How The Citizenship Question Could Skew The Census

From the number of congressional seats to the distribution of federal funds, the U.S. Census is a big deal. Brut spoke with a sociologist about why the Supreme Court's decision about including a question about citizenship status could change everything.

How The Citizenship Question Could Skew The Census


Your citizenship status could soon be under the scrutiny of the Department of Commerce due to politics. If the Supreme Court law justices side with the department, there could be national changes to the 2020 U.S. Census. Andrew Beveridge is a sociology professor and president of Social Explorer, which analyzes data to inform the government and businesses.


“There is a concern that if they ask citizenship on the short form or the general census, it will cut down response rates particularly among noncitizens.” says, Andrew Beveridge. So if areas are undercounted, they will get less of the resources that they would get if they were properly counted, and then the second thing is power. What it will do is it will distort redistricting.”
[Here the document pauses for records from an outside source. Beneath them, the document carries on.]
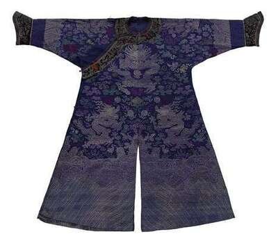 Chinese silver thread and blue ground 'dragon' robe late qing dynasty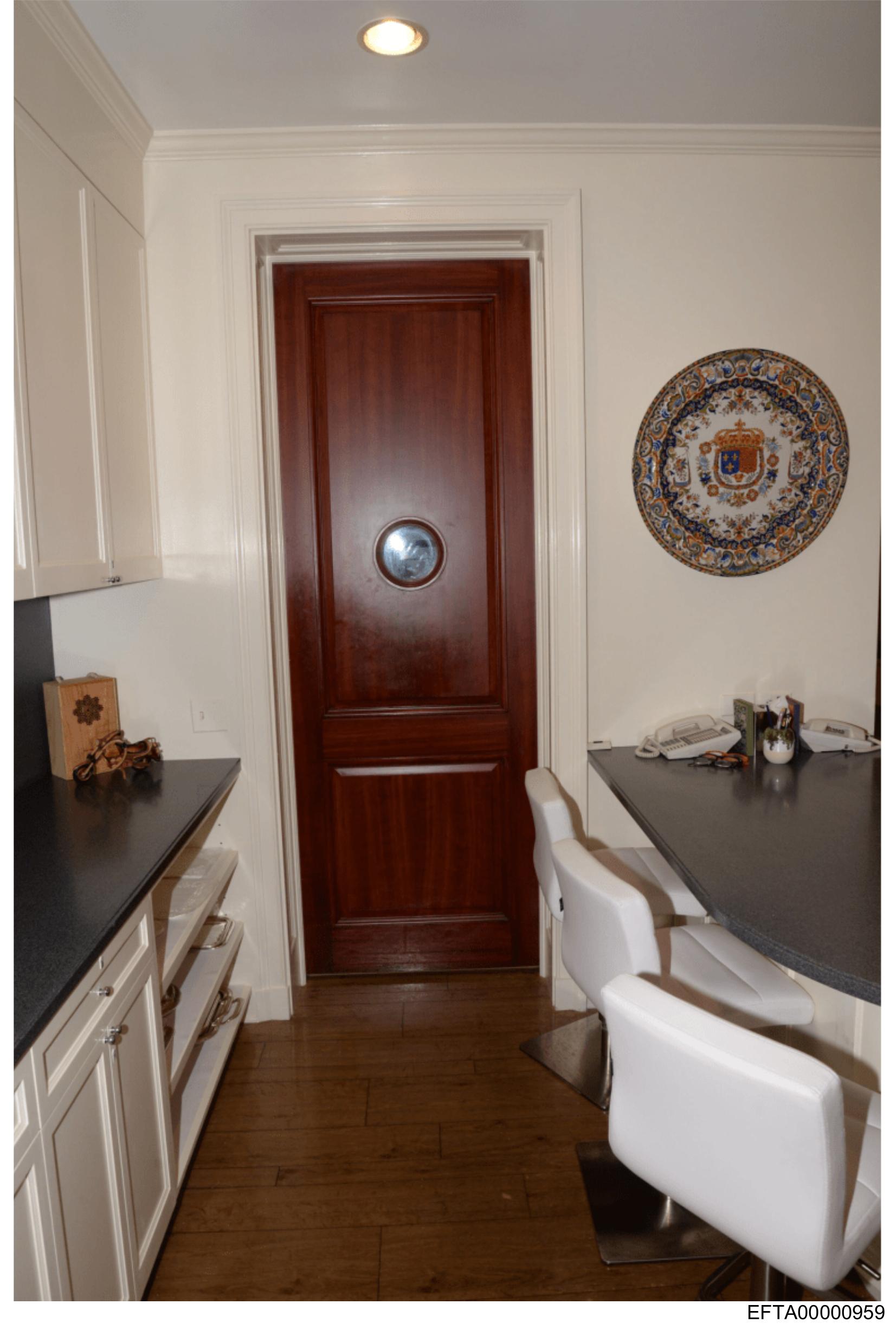 The image depicts an interior space that appears to be a kitchen and dining area. A dark wooden door with a round porthole window is centered on the wall, suggesting access to another room or hallway beyond. Above the door hangs a decorative plate with intricate patterns, which adds a touch of elegance to the room. To the right of the door, partially visible, are what seem to be white barstools, indicating a seating area for dining or casual gathering. The floor is not fully visible but seems to be covered by dark wood planks, complementing the overall warm and traditional aesthetic of the space. There's no text present in the image, and it does not provide any location-specific details.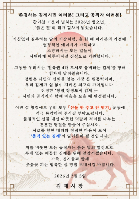 이번 청렴 주의보는 부패 취약 시기인 설 명절을 전후로 5일부터 오는 18일까지 발령되며, 공직사회 전반에 깨끗하고 투명한 청렴 의식을 고취하고 시민과 함께하는 투명하고 깨끗한 김제를 구현하기 위해 추진된다.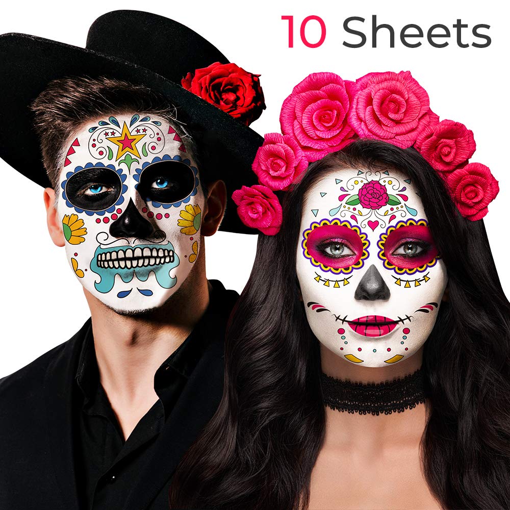 Amazon Com Day Of The Dead Face Tattoos 10 Pack Dia De Los Muertos Temporary Face Sticker Kit Halloween Decorations Sugar Skull Costume Makeup Decor Glitter Red Roses Skeleton Full Face Mask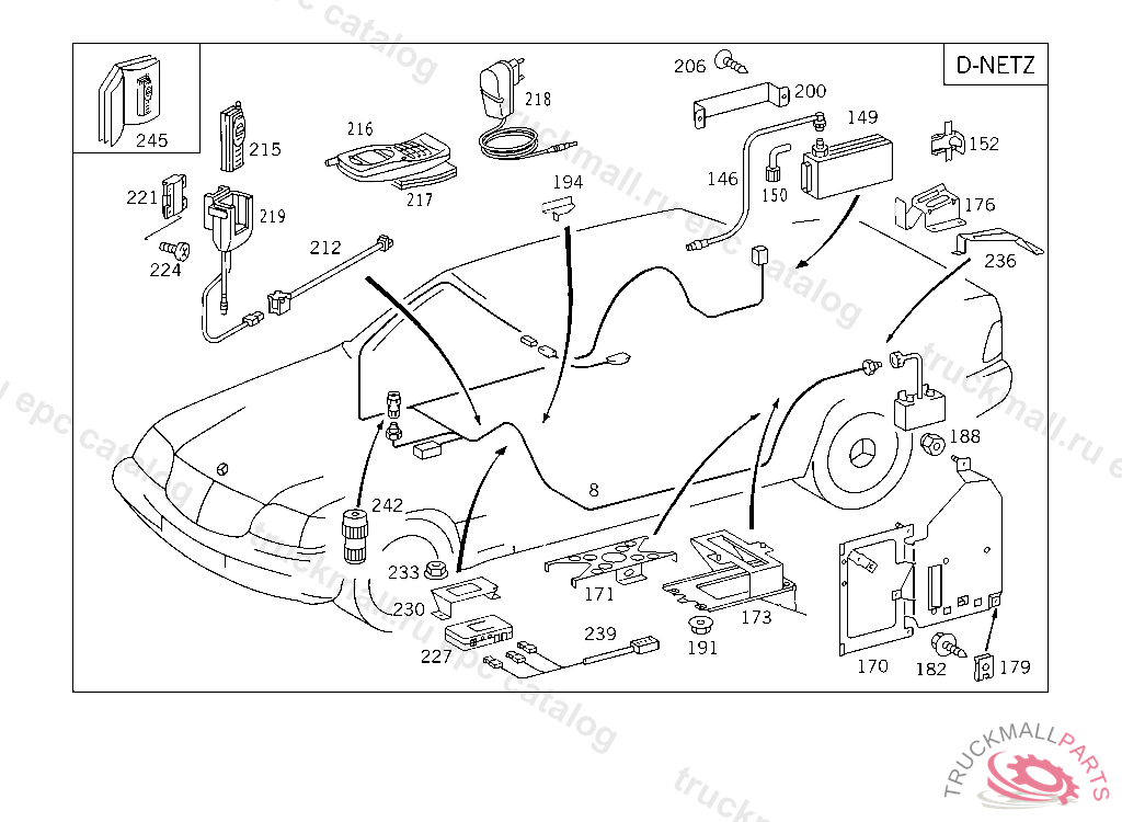 TELEPHONE TRANSMITTER-RECEIVER AEG, A 192209 ALSO INSTALLED ON A 159651 - A 192207 WITH CODE 856 AUSTRALIAFROM MODEL YEAR'95 PART IS ONLY OR ALSO SUPPLIED AS RECONDITIONED PART

A natural experiment was done using the 2010 data that shows that it would cut the response rate for the whole census by about 9 percent for households that have one person that can't be confirmed as a citizen in it.


The effects would be in areas which have a large number of not of noncitizens. Just like the Texas border, the Southwest, California, New York, Chicago, Florida, all of those places will be very heavily affected by this by this addition. The experiment was carried out when Obama was president. The whole toxic atmosphere toward immigration that the Trump administration seeks to favor was not in play at all.


He followed the lead of other social scientists, and filed an amicus brief with the Supreme Court law justices, to debunk political lies being spread by Trump administration officials — like that the citizenship question has been asked before on the census, or that adding the question could help restore voting rights.


The Supreme Court is expected to vote on the matter in June.